## The problem
Under this line are records; the part from the line containing "Dejavuu, an authorized" through the line containing "臣源潜水泵220V家用污水泵" should be repeated exactly. Please exclude pictures.

## Input records
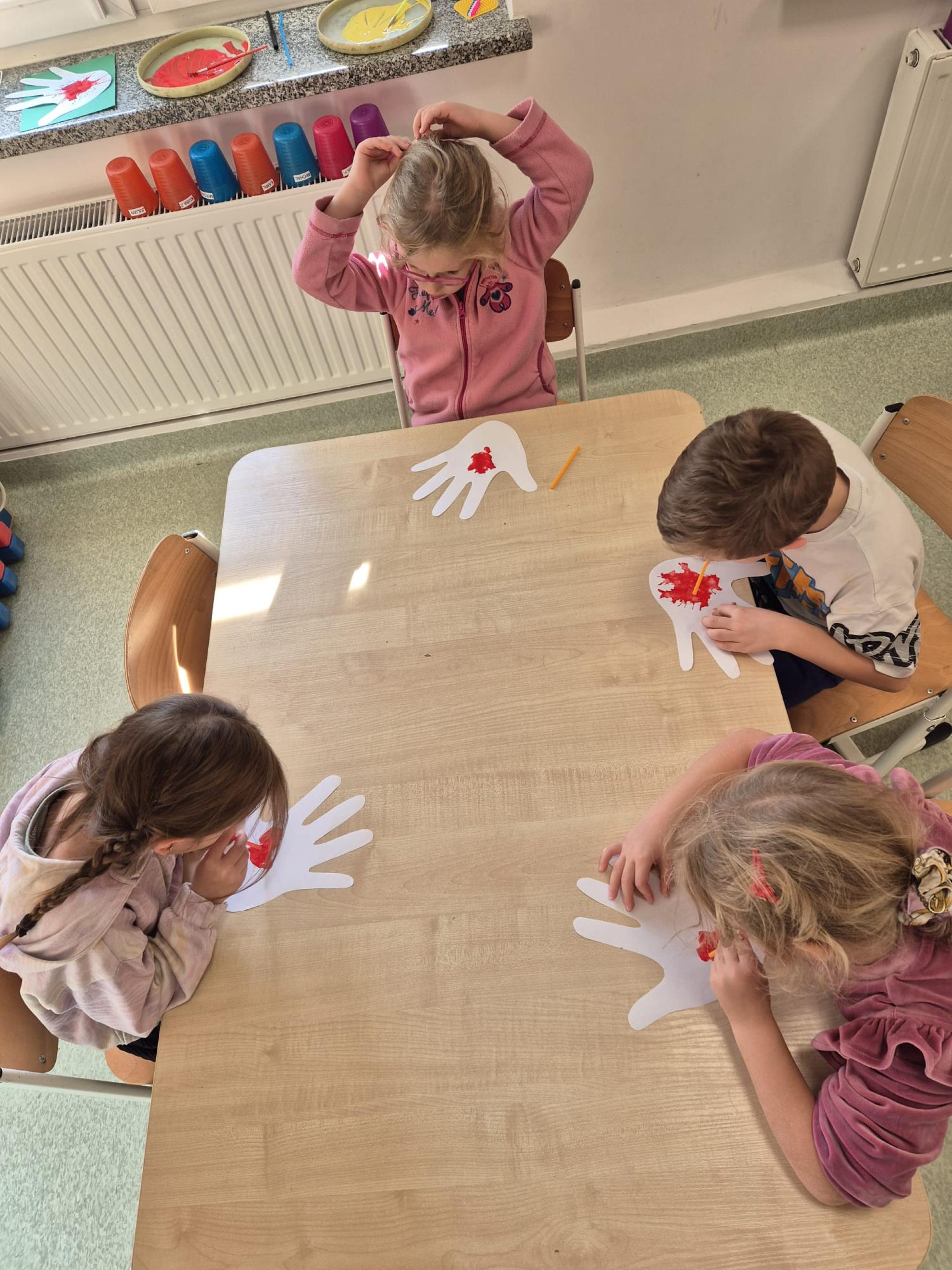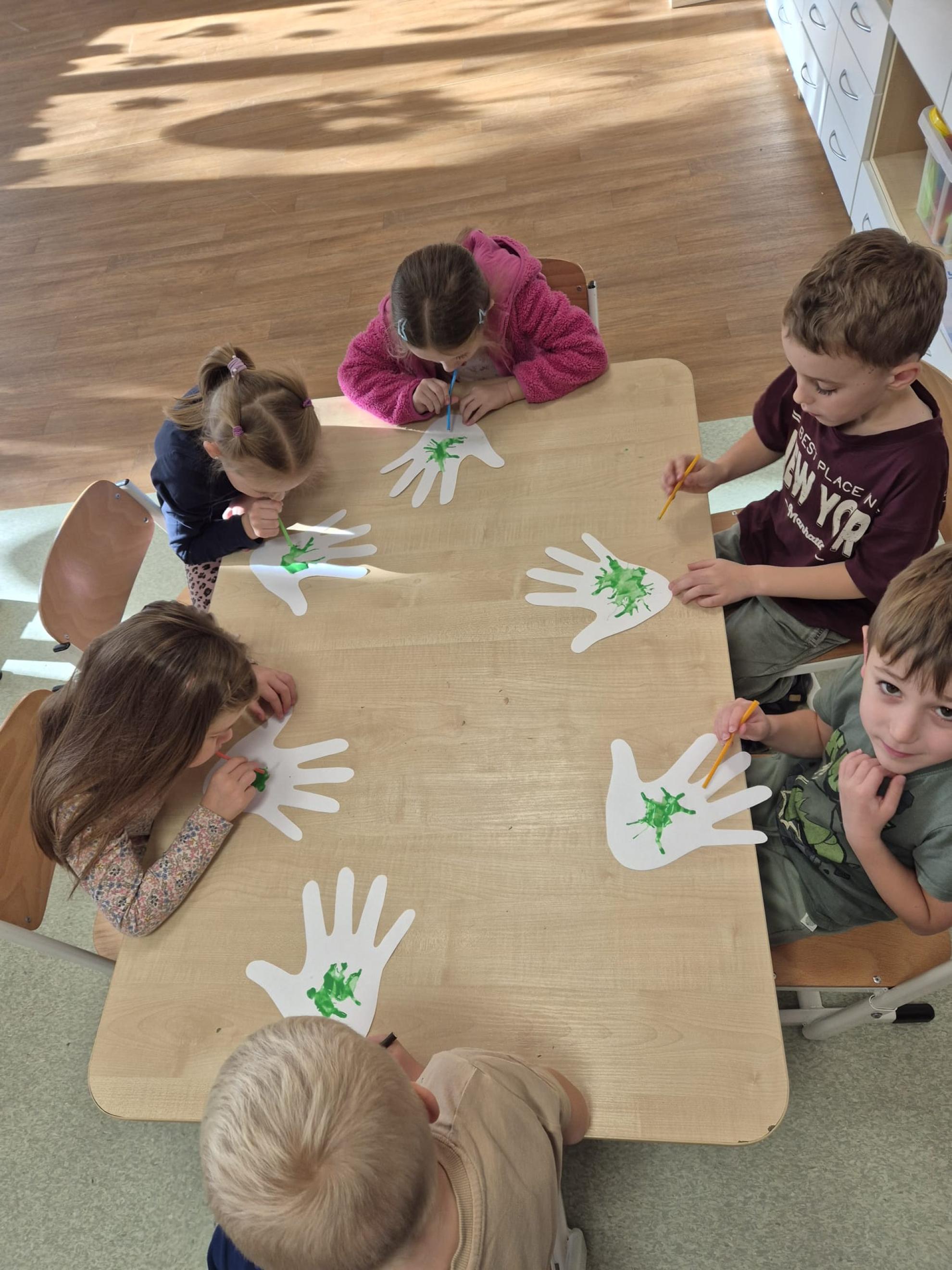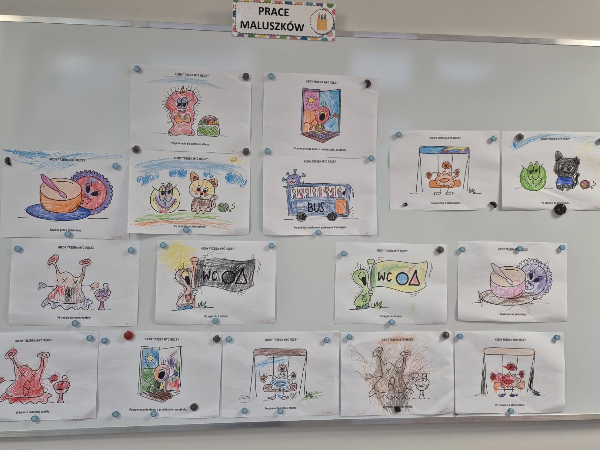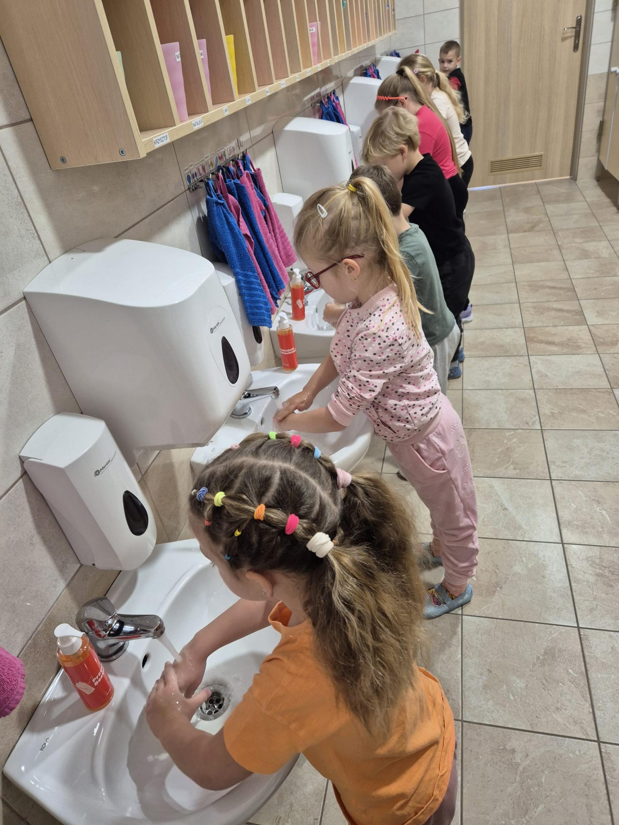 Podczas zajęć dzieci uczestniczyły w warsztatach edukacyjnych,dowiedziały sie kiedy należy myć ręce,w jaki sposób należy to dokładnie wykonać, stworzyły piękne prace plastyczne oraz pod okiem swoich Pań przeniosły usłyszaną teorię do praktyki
==
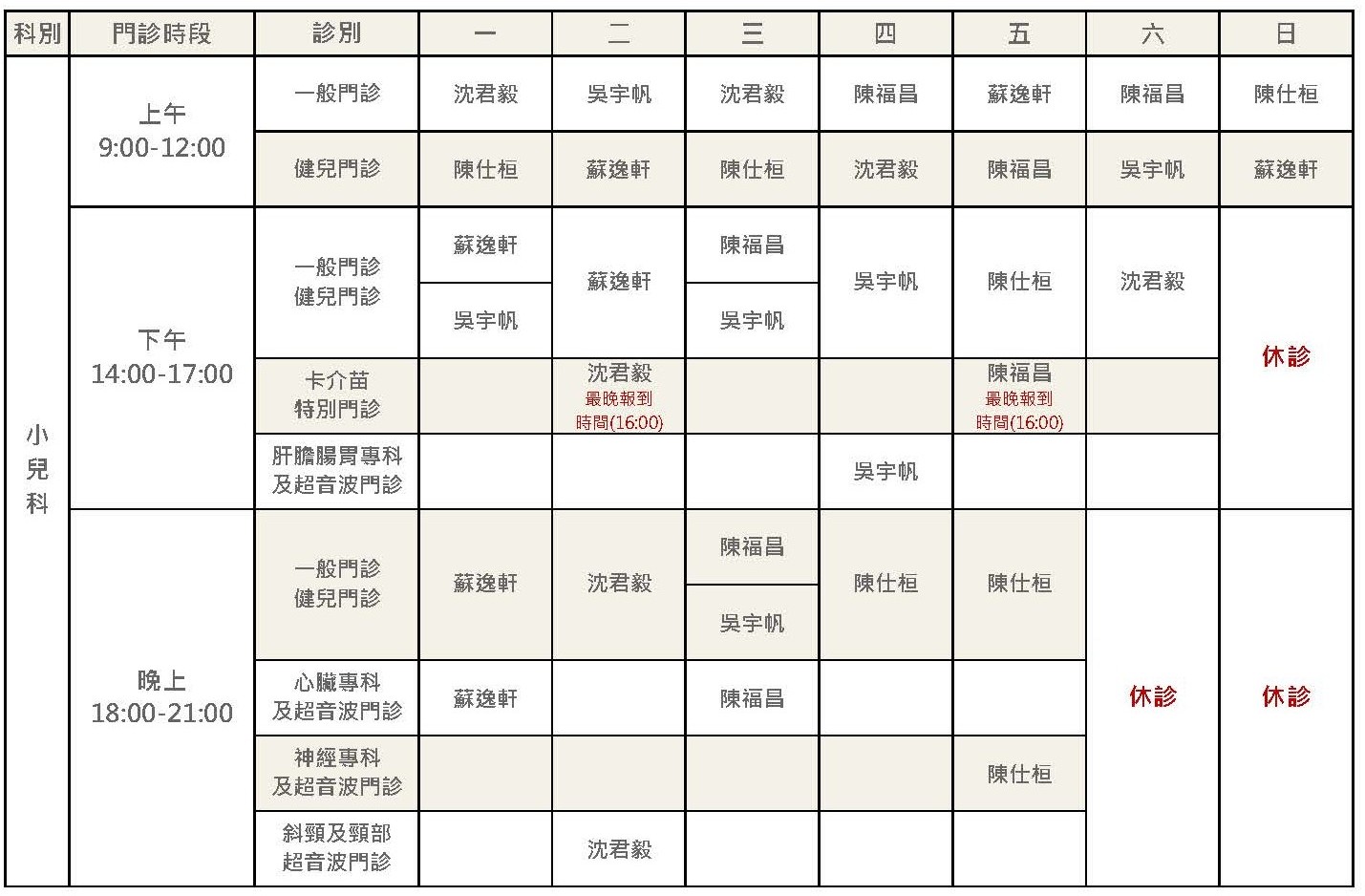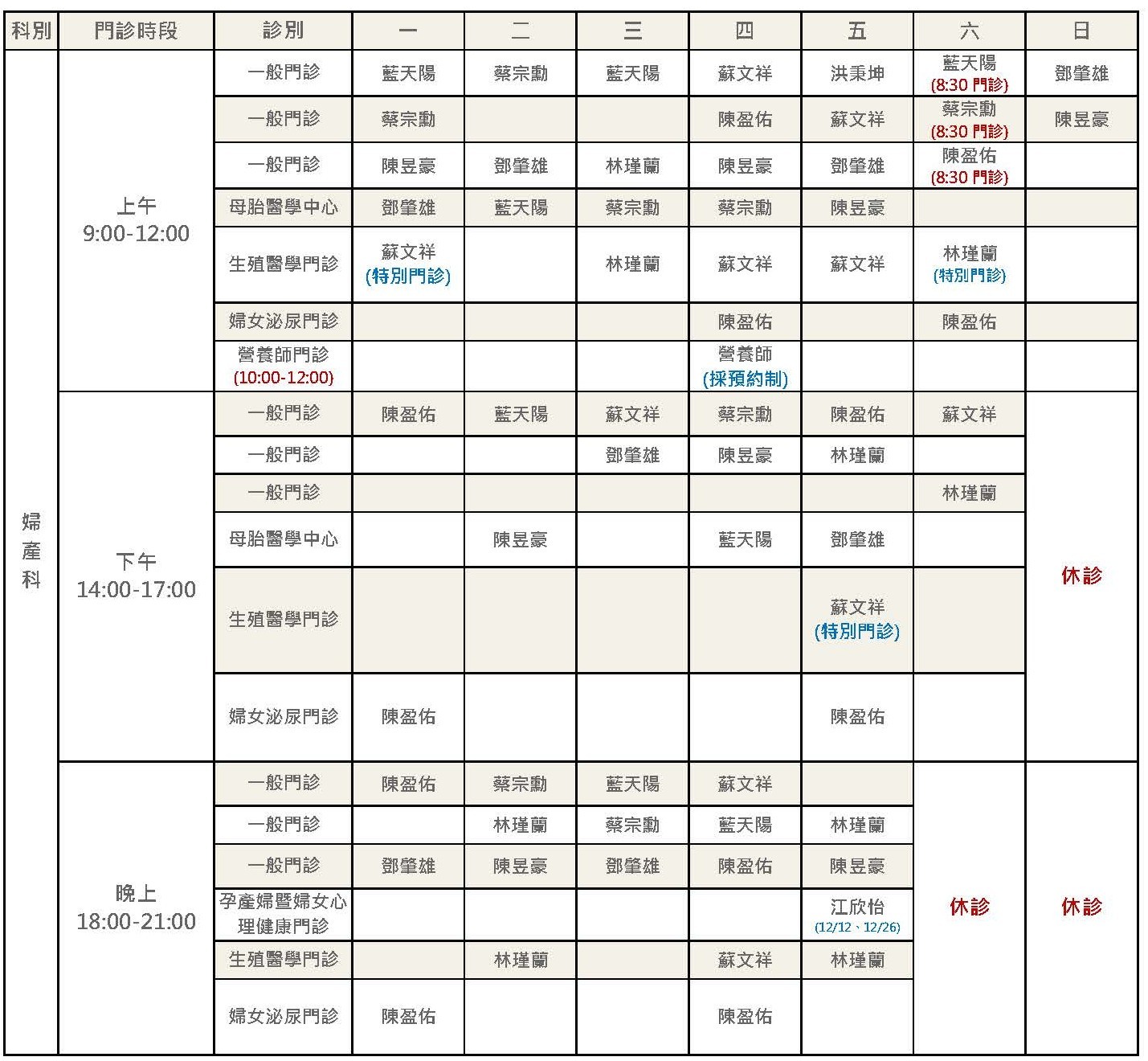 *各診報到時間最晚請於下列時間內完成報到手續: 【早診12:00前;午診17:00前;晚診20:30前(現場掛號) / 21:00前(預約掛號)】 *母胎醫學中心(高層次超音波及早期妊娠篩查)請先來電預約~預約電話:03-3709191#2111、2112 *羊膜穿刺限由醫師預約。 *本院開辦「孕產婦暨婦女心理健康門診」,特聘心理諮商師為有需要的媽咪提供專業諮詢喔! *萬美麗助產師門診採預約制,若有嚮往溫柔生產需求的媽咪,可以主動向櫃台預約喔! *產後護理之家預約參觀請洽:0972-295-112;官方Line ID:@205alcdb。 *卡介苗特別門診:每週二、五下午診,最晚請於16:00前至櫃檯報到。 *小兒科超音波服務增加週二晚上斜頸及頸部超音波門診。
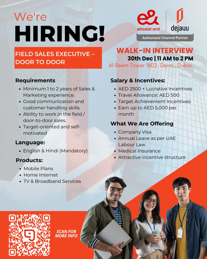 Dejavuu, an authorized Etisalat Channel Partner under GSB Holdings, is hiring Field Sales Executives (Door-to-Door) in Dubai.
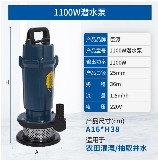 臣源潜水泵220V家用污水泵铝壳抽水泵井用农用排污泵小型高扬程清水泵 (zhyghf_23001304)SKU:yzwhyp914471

## Output of the exercise
 Dejavuu, an authorized Etisalat Channel Partner under GSB Holdings, is hiring Field Sales Executives (Door-to-Door) in Dubai.
 臣源潜水泵220V家用污水泵铝壳抽水泵井用农用排污泵小型高扬程清水泵 (zhyghf_23001304)SKU:yzwhyp914471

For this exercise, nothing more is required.